Is it worth imagining how Hollywood might have evolved without the influx of European immigrants in the 1930s? German expressionism might still have leaked into the mainstream, but the fecund omni-genre that was film noir would surely never have gripped so tightly. Robert Siodmak does not have the marquee status of Fritz Lang.
Nonetheless, connoisseurs celebrate the Dresden-born director – who worked often with his younger brother Curt – for delivering some of Hollywood's most delightfully dark entertainments. The Spiral Staircase (a horror melodrama) and The Killers (a key text in the noir genre) survive endless revivals with reputations enhanced.
Cry of the City, adapted in 1948 from Henry Edward Helseth's The Chair for Martin Rome, is less well known, but it proves worthy of rediscovery. This is the old story about the cop and the villain who, having grown up in the same neighbourhood, find themselves crossing swords as morose adults.
The reliably crumpled Victor Mature plays Lieut Candella. Richard Conte, the great Italian-American heavy, is Marty Rome, the murderer who expects his old pal to help him out. At first Candella is compromised, but Marty’s increasing psychopathy eventually focuses the cop’s mind.

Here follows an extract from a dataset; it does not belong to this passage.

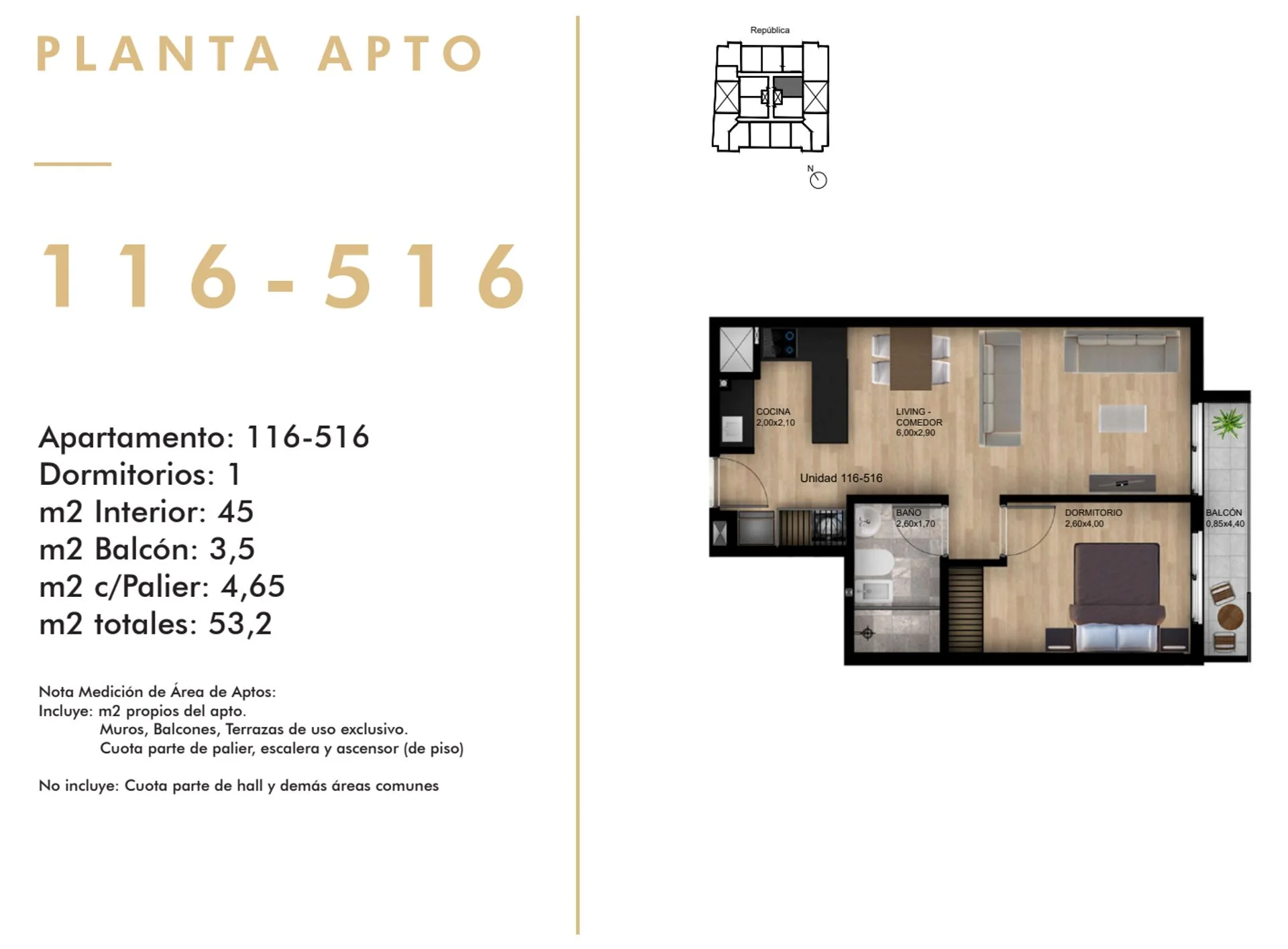 Corredor Responsable: - Contacto: Andrea Goldberg Se VENDE apartamento de 1 dormitorio y 1 baño, con cocina integrada y balcón. El mismo se encuentra ubicado en una zona con muchos servicios y locomoción. El apartamento se ubica en el piso 5, del edificio llamado VELVET. La cocina se entrega con muebles aéreos, bajo mesada, horno, anafe y campana extractora. El baño es completo y realmente muy amplio. Se entrega con aire acondicionado. Es un edificio de viviendas, con todos los beneficios de la LEY DE PROMOCIÓN. ALQUILADO EN $ 28.500 CON GARANTIA PORTO POR DOS AÑOS (a partir del 06/08/2025) Renta bruta 6,2% Espacio comunes innovadores: Cancha de multi deportes, circuito de atletismo, juegos para niños, espacio exterior para deportes de adultos, pet-friendlly, espacio co-work y piscina , en un enjardinado cuidadosamente diseñado. Al precio de la publicación corresponde anexar 4% de gastos de ocupación Comisión inmobiliaria 3% más IVA Compartimos con todos los colegas inmobiliarios Edificio construido por el arquitecto Lipatin. Cada Oficina es de propiedad, gestión y desarrollo independiente La presente publicación describe las características esenciales del inmueble, debiéndose consultar al responsable de la operación por la eventual actualización de las medidas, descripciones arquitectónicas y funcionales, servicios, impuestos, precios y demás información, cuyos valores son aproximados.

There are all sorts of familiar tropes floating about. Happily, Siodmak’s sympathy for the outsider and his gift for location shooting kick the film out of the ordinary. This is among a relatively small selection of contemporaneous Hollywood thrillers that allow the streets of New York to look like (and often play) themselves.
Keep eyes peeled for a terrific cameo from Hope Emerson as a weighty, possibly sadistic masseuse.